ASSIGNMENT
Leaving out the pictures, return word for word the stretch of entries below from the line holding "畑に向かうと、「先生!枝豆で" through the line holding "Τεράστιο ενδιαφέρον εξάλλου".

DATASET RECORDS
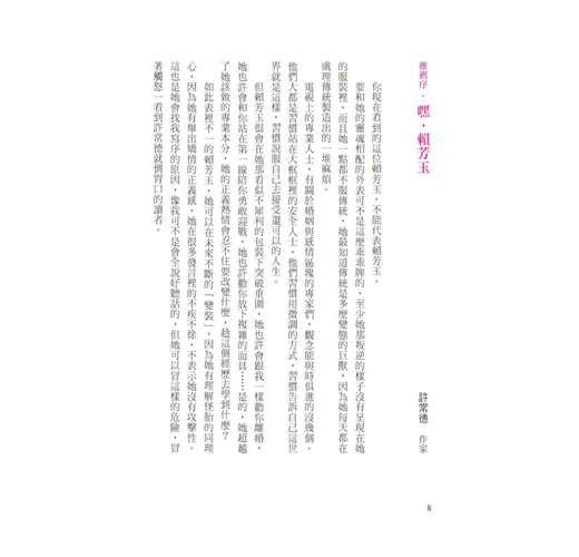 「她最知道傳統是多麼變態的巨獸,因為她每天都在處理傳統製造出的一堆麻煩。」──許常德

---

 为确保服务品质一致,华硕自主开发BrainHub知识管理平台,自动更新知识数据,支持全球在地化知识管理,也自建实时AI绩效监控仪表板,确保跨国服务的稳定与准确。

...

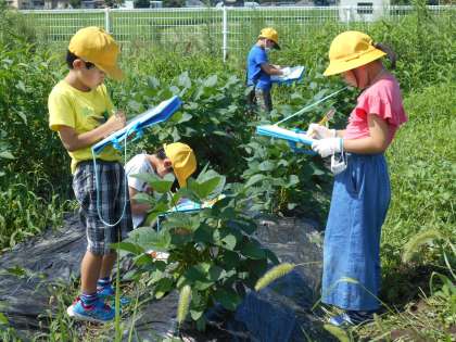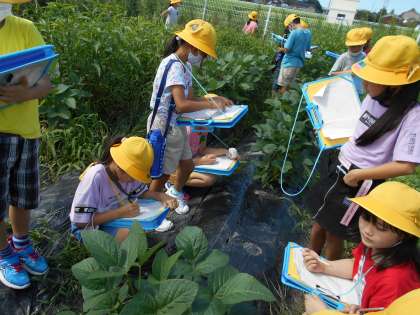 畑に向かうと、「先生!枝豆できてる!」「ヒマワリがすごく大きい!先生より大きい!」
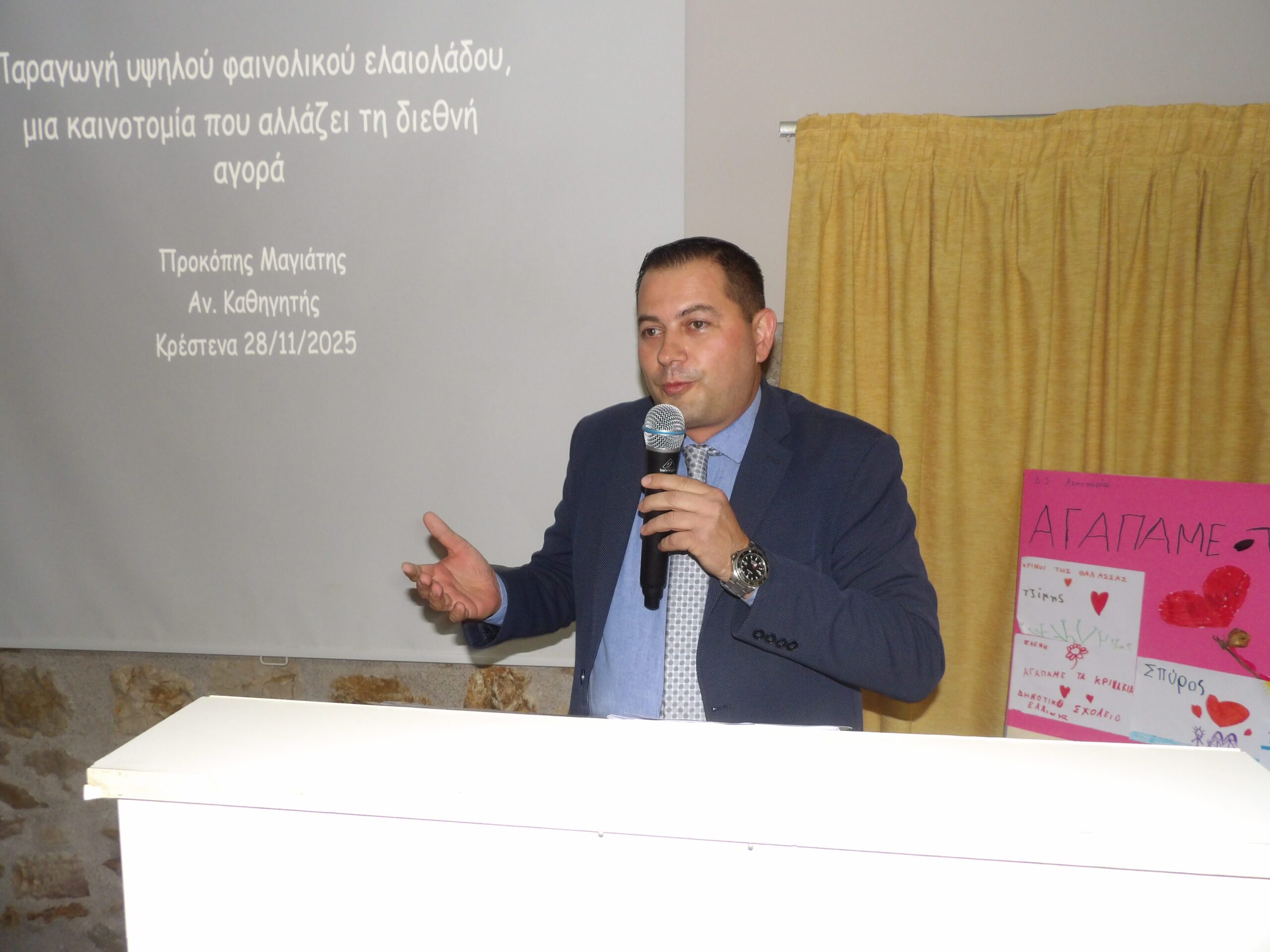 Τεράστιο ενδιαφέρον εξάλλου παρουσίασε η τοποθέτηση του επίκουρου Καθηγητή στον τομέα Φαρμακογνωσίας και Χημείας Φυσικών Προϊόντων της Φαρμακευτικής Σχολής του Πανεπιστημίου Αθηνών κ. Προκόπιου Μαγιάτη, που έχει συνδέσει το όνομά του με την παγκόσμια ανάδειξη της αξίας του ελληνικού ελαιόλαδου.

RESPONSE AREA
 畑に向かうと、「先生!枝豆できてる!」「ヒマワリがすごく大きい!先生より大きい!」
 Τεράστιο ενδιαφέρον εξάλλου παρουσίασε η τοποθέτηση του επίκουρου Καθηγητή στον τομέα Φαρμακογνωσίας και Χημείας Φυσικών Προϊόντων της Φαρμακευτικής Σχολής του Πανεπιστημίου Αθηνών κ. Προκόπιου Μαγιάτη, που έχει συνδέσει το όνομά του με την παγκόσμια ανάδειξη της αξίας του ελληνικού ελαιόλαδου.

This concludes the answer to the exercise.